# JD 40 question...



## NBKnight (Dec 5, 2010)

Going through Kijiji on the weekend and came across a John Deere 40 for $3000 Canadian.Comes with ring chains and a loader not attached. I don't know anything about a 40 other than what I read on Tractor Data.

What are they like?Heres a pic of it.Any help would be appreciated.Thanks


----------



## sixbales (May 18, 2011)

Can't tell you what they were like, but back in the day I'm sure that it was a good machine. John Deere has thrived where all their competition has faded away. Look on tractorhouse.com , they have about ten John Deere 40's for sale and most are priced well above $3K. Dealer prices.


----------



## RC Wells (Dec 26, 2008)

Lightweight, dangerous on hilly ground because of a high center of gravity. Fun for grandkids in the yard with the battery removed. Use too much fuel and tend to rock back on the rear wheels to be other than a collector tractor. Will keep going up in value because they are small and easy to tuck into a collection.

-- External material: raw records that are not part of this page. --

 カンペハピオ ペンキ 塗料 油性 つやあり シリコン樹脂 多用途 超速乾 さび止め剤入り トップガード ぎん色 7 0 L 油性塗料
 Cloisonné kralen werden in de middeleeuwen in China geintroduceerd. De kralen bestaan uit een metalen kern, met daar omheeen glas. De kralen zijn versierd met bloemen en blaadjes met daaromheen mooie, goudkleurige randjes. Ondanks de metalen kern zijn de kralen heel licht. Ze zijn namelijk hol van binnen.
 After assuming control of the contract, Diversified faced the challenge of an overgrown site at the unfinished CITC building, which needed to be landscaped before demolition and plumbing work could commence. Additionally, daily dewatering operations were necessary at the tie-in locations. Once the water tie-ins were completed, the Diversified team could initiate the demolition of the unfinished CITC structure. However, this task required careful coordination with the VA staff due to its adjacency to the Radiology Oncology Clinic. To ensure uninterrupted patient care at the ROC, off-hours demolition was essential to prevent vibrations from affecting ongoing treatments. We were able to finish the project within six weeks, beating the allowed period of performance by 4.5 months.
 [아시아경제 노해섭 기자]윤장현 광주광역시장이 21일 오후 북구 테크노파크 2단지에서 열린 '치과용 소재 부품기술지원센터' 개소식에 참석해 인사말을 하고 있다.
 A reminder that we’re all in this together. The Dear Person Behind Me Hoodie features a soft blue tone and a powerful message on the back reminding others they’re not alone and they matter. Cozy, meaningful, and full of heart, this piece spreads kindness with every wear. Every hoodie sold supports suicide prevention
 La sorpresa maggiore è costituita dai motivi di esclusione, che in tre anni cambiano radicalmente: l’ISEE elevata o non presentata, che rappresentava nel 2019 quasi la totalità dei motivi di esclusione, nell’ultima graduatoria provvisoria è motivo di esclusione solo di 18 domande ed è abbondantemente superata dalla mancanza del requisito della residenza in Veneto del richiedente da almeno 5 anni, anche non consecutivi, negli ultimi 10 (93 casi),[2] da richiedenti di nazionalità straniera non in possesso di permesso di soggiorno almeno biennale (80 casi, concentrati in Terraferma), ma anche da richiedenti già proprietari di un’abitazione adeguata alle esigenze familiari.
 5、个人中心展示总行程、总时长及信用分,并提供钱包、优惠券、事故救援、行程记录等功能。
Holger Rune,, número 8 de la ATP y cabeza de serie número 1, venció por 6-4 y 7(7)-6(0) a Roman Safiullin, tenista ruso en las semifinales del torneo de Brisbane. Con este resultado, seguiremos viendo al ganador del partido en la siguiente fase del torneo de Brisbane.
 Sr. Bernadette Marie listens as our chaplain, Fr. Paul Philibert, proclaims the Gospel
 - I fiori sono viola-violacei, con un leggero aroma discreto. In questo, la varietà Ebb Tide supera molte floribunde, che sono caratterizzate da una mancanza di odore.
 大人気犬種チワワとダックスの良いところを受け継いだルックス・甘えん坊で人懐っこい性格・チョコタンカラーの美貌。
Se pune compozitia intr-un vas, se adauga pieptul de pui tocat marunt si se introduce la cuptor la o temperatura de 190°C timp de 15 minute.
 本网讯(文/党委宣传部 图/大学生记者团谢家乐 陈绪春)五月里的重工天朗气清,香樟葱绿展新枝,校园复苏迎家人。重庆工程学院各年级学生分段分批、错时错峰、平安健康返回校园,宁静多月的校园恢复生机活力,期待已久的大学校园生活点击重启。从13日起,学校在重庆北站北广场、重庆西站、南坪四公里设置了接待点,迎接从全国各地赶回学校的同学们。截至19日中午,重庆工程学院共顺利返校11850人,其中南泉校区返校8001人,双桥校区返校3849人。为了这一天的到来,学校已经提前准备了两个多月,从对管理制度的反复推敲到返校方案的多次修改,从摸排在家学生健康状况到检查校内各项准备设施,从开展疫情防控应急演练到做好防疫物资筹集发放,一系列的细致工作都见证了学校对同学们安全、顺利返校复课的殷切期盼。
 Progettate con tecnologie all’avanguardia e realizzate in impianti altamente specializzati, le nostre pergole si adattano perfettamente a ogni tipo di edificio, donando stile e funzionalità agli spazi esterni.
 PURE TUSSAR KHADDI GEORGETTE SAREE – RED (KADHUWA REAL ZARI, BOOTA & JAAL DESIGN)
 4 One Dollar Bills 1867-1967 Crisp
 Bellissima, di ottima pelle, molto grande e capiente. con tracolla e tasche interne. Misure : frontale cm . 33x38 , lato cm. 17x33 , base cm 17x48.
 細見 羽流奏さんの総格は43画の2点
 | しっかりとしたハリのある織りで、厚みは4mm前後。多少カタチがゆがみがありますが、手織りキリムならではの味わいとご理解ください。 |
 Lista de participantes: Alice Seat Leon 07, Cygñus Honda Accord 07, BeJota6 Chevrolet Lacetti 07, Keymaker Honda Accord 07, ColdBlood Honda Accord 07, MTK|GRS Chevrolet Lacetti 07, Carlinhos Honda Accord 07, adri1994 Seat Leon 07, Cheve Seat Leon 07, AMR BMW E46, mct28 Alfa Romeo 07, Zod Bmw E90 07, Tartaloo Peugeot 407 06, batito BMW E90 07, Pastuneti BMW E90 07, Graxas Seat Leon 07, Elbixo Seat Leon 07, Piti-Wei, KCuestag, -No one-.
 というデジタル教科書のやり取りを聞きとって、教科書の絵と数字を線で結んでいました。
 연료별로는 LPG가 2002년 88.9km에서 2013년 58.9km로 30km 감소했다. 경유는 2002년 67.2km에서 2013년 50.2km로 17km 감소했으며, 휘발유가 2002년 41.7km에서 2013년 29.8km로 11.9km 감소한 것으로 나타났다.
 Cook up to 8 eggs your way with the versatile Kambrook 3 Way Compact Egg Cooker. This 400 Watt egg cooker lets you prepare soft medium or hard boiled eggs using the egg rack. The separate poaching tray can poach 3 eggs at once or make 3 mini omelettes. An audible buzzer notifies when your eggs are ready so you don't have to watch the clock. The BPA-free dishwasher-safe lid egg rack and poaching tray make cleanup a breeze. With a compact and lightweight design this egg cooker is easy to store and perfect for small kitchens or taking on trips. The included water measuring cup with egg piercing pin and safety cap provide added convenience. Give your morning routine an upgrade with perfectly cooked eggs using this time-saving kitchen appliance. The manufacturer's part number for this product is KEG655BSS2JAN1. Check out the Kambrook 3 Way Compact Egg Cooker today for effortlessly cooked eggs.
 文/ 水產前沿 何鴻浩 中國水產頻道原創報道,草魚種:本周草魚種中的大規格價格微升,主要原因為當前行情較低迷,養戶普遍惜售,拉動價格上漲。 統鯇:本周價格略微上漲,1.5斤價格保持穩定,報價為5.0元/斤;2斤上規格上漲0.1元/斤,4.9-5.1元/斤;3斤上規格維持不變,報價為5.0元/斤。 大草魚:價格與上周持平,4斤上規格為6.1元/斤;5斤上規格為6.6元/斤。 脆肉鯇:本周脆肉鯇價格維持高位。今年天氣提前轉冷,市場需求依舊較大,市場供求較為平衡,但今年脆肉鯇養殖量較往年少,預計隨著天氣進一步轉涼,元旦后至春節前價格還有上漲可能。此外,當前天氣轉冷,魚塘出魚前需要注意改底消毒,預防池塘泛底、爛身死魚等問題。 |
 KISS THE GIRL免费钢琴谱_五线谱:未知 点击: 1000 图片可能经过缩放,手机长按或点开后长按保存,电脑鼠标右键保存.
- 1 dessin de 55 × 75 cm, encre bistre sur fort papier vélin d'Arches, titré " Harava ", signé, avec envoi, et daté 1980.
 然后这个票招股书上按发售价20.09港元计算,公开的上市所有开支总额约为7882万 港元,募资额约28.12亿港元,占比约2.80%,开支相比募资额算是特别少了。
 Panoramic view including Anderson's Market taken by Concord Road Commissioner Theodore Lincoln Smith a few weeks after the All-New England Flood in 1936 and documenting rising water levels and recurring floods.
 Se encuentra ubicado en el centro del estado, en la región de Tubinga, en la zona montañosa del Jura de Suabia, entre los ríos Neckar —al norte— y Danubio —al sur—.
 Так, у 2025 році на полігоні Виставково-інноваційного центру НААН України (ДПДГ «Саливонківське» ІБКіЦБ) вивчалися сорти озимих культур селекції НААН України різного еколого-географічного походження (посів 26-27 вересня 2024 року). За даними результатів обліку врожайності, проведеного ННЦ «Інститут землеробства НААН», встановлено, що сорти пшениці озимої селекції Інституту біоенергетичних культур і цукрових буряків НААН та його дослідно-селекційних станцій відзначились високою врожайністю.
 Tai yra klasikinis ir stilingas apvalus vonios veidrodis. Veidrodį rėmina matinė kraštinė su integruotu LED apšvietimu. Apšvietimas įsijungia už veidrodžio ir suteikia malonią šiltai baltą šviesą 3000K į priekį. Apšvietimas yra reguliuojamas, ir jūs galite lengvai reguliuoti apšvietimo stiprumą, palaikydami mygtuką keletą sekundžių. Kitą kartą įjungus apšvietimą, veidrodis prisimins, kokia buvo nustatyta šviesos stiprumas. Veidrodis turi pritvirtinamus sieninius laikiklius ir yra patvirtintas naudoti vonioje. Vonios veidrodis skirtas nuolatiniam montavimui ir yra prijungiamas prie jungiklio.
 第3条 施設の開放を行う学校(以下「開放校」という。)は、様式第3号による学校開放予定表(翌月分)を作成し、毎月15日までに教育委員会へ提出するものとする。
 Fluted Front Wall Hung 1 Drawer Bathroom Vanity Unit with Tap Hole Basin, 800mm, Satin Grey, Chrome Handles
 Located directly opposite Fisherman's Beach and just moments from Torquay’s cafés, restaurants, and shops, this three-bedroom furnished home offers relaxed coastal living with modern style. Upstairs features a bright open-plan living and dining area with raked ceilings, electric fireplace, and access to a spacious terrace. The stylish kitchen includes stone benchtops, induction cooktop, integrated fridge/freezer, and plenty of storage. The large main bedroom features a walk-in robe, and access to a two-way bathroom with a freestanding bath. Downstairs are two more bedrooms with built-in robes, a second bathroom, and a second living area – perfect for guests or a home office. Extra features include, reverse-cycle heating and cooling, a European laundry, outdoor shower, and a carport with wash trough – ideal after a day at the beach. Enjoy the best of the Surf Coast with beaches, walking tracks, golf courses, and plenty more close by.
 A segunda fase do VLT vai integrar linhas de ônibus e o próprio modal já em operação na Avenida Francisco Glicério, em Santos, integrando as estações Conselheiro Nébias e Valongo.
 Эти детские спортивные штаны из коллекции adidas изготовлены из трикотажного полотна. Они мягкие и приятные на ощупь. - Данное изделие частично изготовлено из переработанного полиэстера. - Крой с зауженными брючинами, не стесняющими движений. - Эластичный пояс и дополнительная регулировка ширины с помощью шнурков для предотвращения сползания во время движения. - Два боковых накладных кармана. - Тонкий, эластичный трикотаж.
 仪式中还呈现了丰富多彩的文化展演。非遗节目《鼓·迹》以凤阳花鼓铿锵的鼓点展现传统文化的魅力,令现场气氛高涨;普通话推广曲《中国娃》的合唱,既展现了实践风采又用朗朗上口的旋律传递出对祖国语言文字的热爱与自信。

A lot of fun to take to tractor parades too.

Cannot go wrong if in good shape.

Forgot to mention, a SEM finishes dealer can mix a moisture cured urethane paint that needs no primer, and perfectly matches the original lead paint colors on old JD iron. Keeps the grandchildren unleaded!


----------



## thepumpguysc (Jan 25, 2015)

That's a good LOOKIN unit.. a little pressure washin', some decals, a new muffler & seat & she's ready for a parade...


----------